### PROVIDED MATERIAL

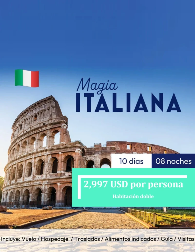 Para gozar del esplendor de la Ciudad Eterna con su mosaico de edificios, plazas y fuentes construidas a lo largo de los últimos 2000 años. Pedir tu deseo al pie de la Fuente de Trevi, apreciar una arquitectura única e inigualable del épico Panteón de Roma y por supuesto haremos una espectacular parada el monumental Coliseo Romano donde podrás hacer unas fotos espectaculares.
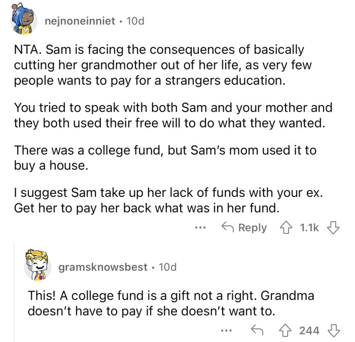 Starting relationships can be the easiest thing in the world; however, maintaining them can be rather challenging for most people. As Dr. William Doherty, family therapist, states, "Relationships require ongoing effort and attention; neglect can lead to irreversible damage." People notice when you put any amount of effort into maintaining the relationship and build an image of you in their heads. It's easy to ruin that image with neglect and a lack of care, and once you burn that bridge, there's no going back. Neglect can end up ruining a relationship entirely. Once it's ruined, it can be final and hard to fix. A Redditor made a post on the r/AmItheAhole subreddit, explaining how his mother decided to no longer fund his daughter's college education after she constantly neglected his side of the family. The daughter claims her grandma's decision is unfair and expects OP to help her with the college funds. The Reddit community had a lot of different reactions to the user's post. Scroll down to check out the full Reddit post, and scroll a little further to read the comments from the original post.
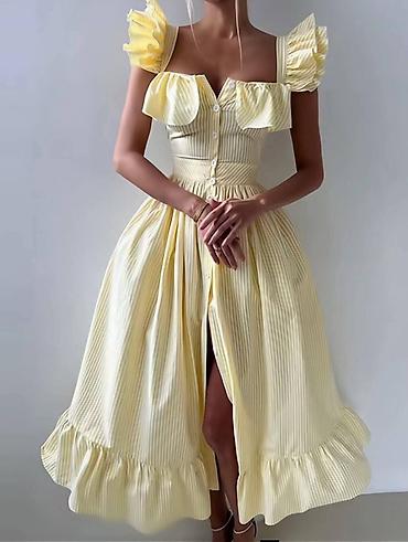 Letnja midi haljina sa volanima i dugmadima spreda - Kroj: struk
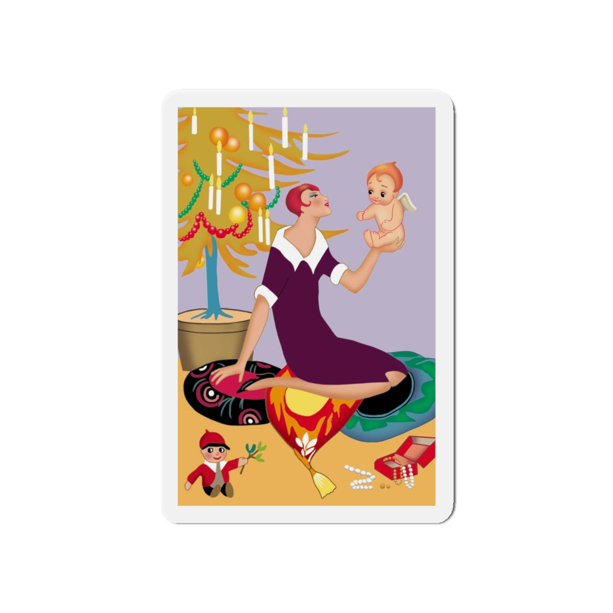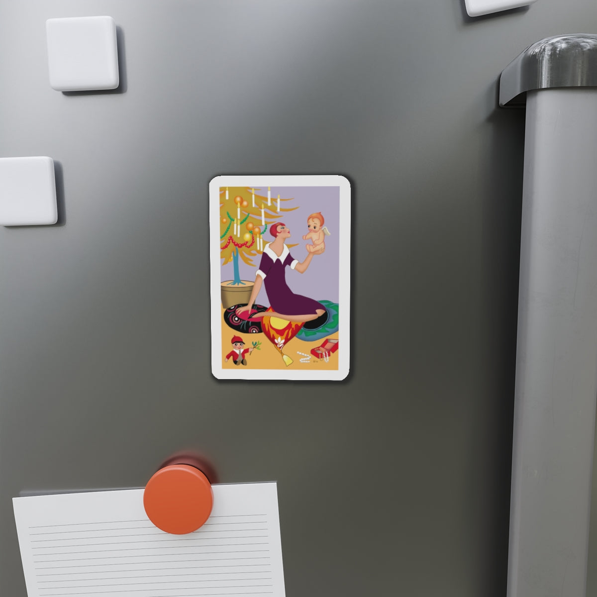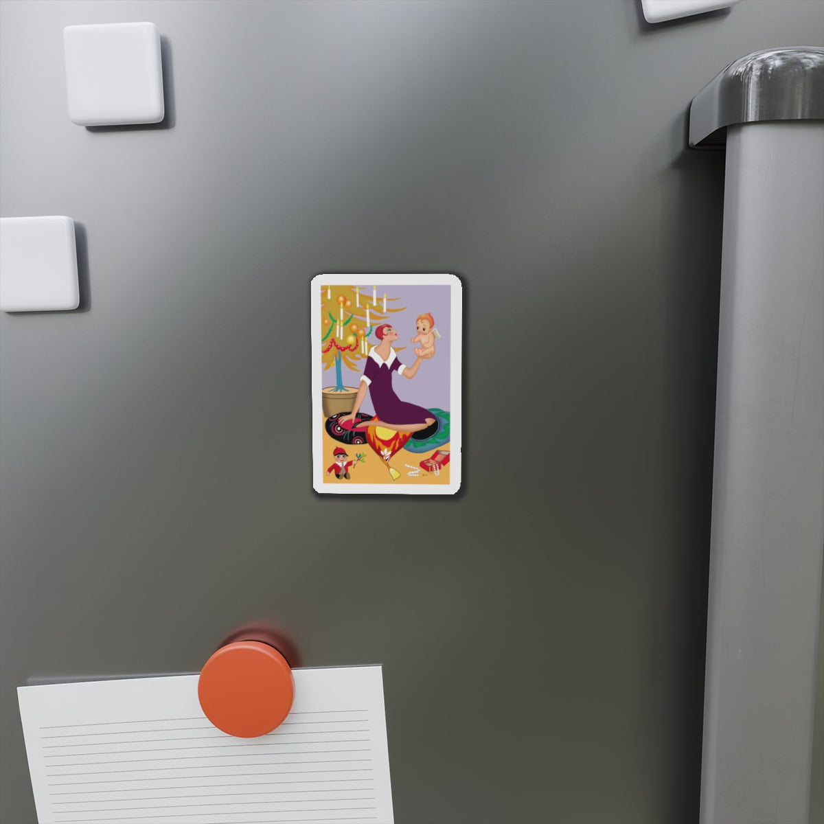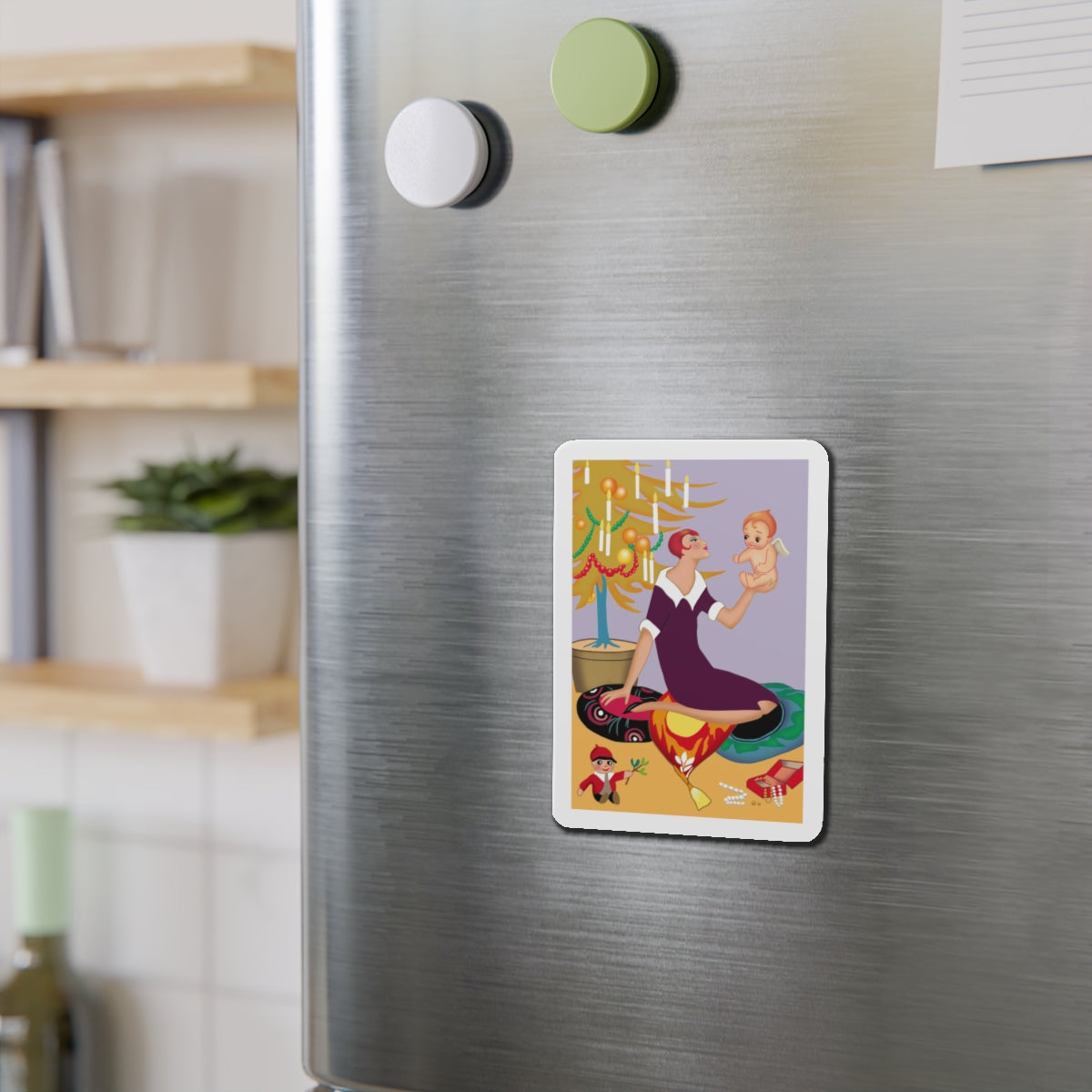 What makes these magnets special is the enchanting artwork they showcase. A graceful woman in a deep plum dress sits elegantly on colorful cushions beside a sparkling Christmas tree glowing with candles, golden baubles, and festive garlands. She tenderly lifts a tiny angel into the air, her expression filled with warmth and joy. At her feet, playful details—an elf doll, strands of beads, and wrapped gifts—complete the festive atmosphere. With its bold colors, clean lines, and whimsical Art Deco style, the scene captures the timeless magic of Christmas while turning a simple magnet into a collectible keepsake.

### WHAT YOU ARE ASKED TO DO
Copy out the listing above from the line containing "Starting relationships can" to the line containing "Letnja midi haljina", both included, exactly as written and minus the images.

### TASK SOLUTION
 Starting relationships can be the easiest thing in the world; however, maintaining them can be rather challenging for most people. As Dr. William Doherty, family therapist, states, "Relationships require ongoing effort and attention; neglect can lead to irreversible damage." People notice when you put any amount of effort into maintaining the relationship and build an image of you in their heads. It's easy to ruin that image with neglect and a lack of care, and once you burn that bridge, there's no going back. Neglect can end up ruining a relationship entirely. Once it's ruined, it can be final and hard to fix. A Redditor made a post on the r/AmItheAhole subreddit, explaining how his mother decided to no longer fund his daughter's college education after she constantly neglected his side of the family. The daughter claims her grandma's decision is unfair and expects OP to help her with the college funds. The Reddit community had a lot of different reactions to the user's post. Scroll down to check out the full Reddit post, and scroll a little further to read the comments from the original post.
 Letnja midi haljina sa volanima i dugmadima spreda - Kroj: struk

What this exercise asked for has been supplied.